A process diagram showing the four shape capture and seat production steps of foam-in-place seating. Step 1: Pouring of liquid foam into a plastic bag that is supported in an assessment chair. Supportive foam pieces are placed in this bag to ensure there will be foam support under the service user. Step 2: Seating experts help the service user sit in a corrected position on top of the bag while the liquid foam expands around the user, creating a seat cushion that contours the lower half of the seated body. Step 3: A new bag containing supportive foam is placed behind the seated service user and liquid foam is poured into this second bag. Step 4: Seating experts help the service user into the corrected seated position while the foam expands and solidifies around the user, creating a foam back support that contours the upper half of the seated body. The seating system is usually trimmed and covered appropriately after these steps.

Seat completion

Once the back support of the system has set, the cushions can be removed from the bags, trimmed and finished. The ‘fit’ of this trimmed system to the wheelchair user and their wheelchair is assessed before the system is issued to the wheelchair user. This assessment involves the wheelchair user sitting into the new seating system in their wheelchair and a clinician analysing their posture and gauging their comfort or discomfort in the system.

Strengths and limitations

The time to make both a custom back and seat cushion is approximately 2 h. Another 7–14 h is required to add fabric finishing, waterproofing and a flame-retardant coating (seat completion step). Thus, a person can theoretically have a custom-moulded seating system within two working days, making FIPS a comparatively fast production method.

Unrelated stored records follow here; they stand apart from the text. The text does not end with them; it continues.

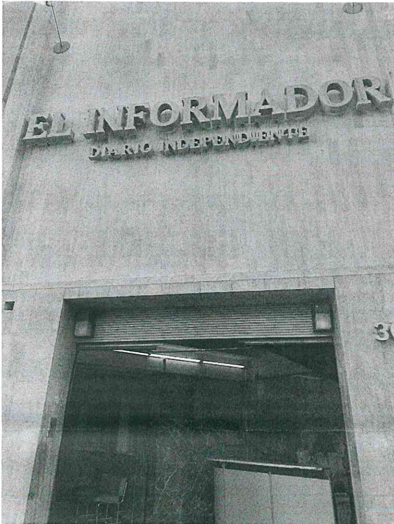
Periódico "El Informador"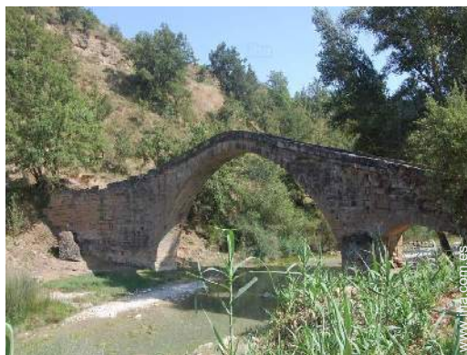
Zonas atractivas y relajación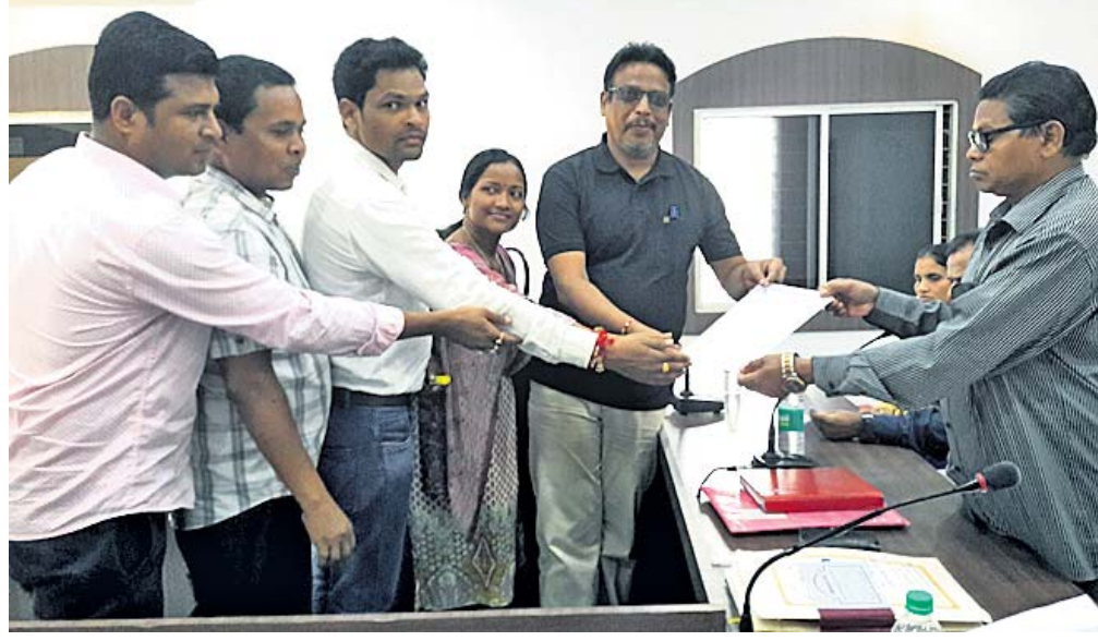
ଯନ୍ତ୍ରୀମାନେ ବିଡିଓ ଦାବିପତ୍ର ପ୍ରଦାନ କରାଯାଇଛି।

ଯୋଜିତର ଏକତରଫା ଗିରଫଦାରୀକୁ ବିରୋଧ କରି କୋରାପୁଟ ଜିଲ୍ଲା ପଟାଜି କୁଳ କାର୍ଯ୍ୟାଳୟ ଅଧୀନରେ କାର୍ଯ୍ୟ କରୁଥିବା ବିଭିନ୍ନ ବିଭାଗର ଯନ୍ତ୍ରୀ ଓ କୁଳର ଯନ୍ତ୍ରୀମାନେ କାର୍ଯ୍ୟବନ୍ଧ କରି ଆନ୍ଦୋଳନ ଚଳାଇଛନ୍ତି। ଯୋଜିତର ଏପରି କାର୍ଯ୍ୟକୁ ନିନ୍ଦା କରିଛନ୍ତି। ପରେ ଜିଲ୍ଲାପାଳ ଏବଂ ଜିଲ୍ଲା ପୋଲିସ ଆରକ୍ଷୀ ଅଧ୍ୟକ୍ଷଙ୍କ ଉଦ୍ଦେଶ୍ୟରେ ୨ ଦାବି ପତ୍ର ସ୍ଥାନୀୟ ଗୋଷ୍ଠୀ ଉଭୟର ଅଧିକାରୀ କରୁଣା କର ପ୍ରଧାନଙ୍କୁ ପ୍ରଦାନ କରିଛନ୍ତି। ଗତ ୧୪ ତାରିଖରେ ଜିଲ୍ଲାର ବନ୍ଧୁଗାଁ କୁଳର ଝଞ୍ଜାବତୀ ନଦୀ ନିକଟ ପାହାଡ଼ରୁ ମାଟି ଅତଡ଼ା ଧରି ୨ କଣ ଶ୍ରମିକଙ୍କ ମୃତ୍ୟୁ ହୋଇଥିଲା। ଏହି ଘଟଣାରେ ଯୋଜିତ ଠିକ ଭାବେ ତଦନ୍ତ ନ କରି ମାଟି ଉଠାଇବା କାର୍ଯ୍ୟରେ ଲାଗିଥିବା ଠିକାଦାରଙ୍କୁ ସୁରକ୍ଷା ଦେଇ କୁଳର ଏଇ ଅପଗ୍ରେଡ଼ କରାଯାଇଥିଲା। ଏହି ଗିରଫଦାରୀକୁ ଜିଲ୍ଲାର ସମସ୍ତ କୁଳସ୍ତରରେ କାର୍ଯ୍ୟରେ

On average, one FIPS back support requires 2.75 ‘units’ of the chemical mixture. ⁶ At €76 per ‘unit’, ⁴ the cushion material for one back support costs approximately €209, making these seating systems comparatively inexpensive.

FIPS manufacturing, although fast and affordable, has disadvantages. During the foam’s expansion, the temperature of the cushions can reach approximately 43°C to 49°C, which is dangerous to the wheelchair user not only due to the risk of burning the skin, but the risk of worsening symptoms of neurological disorders such as multiple sclerosis or triggering spasticity in patients.^7–10 Due to this, and due to fact that the weight of the person sitting on the foam can prevent the foam from expanding sufficiently underneath them to support them, the person is usually held slightly above the surface of the bag until the foam has expanded to some degree. This approach necessitates adverse manual handling practices on the part of several seating practitioners.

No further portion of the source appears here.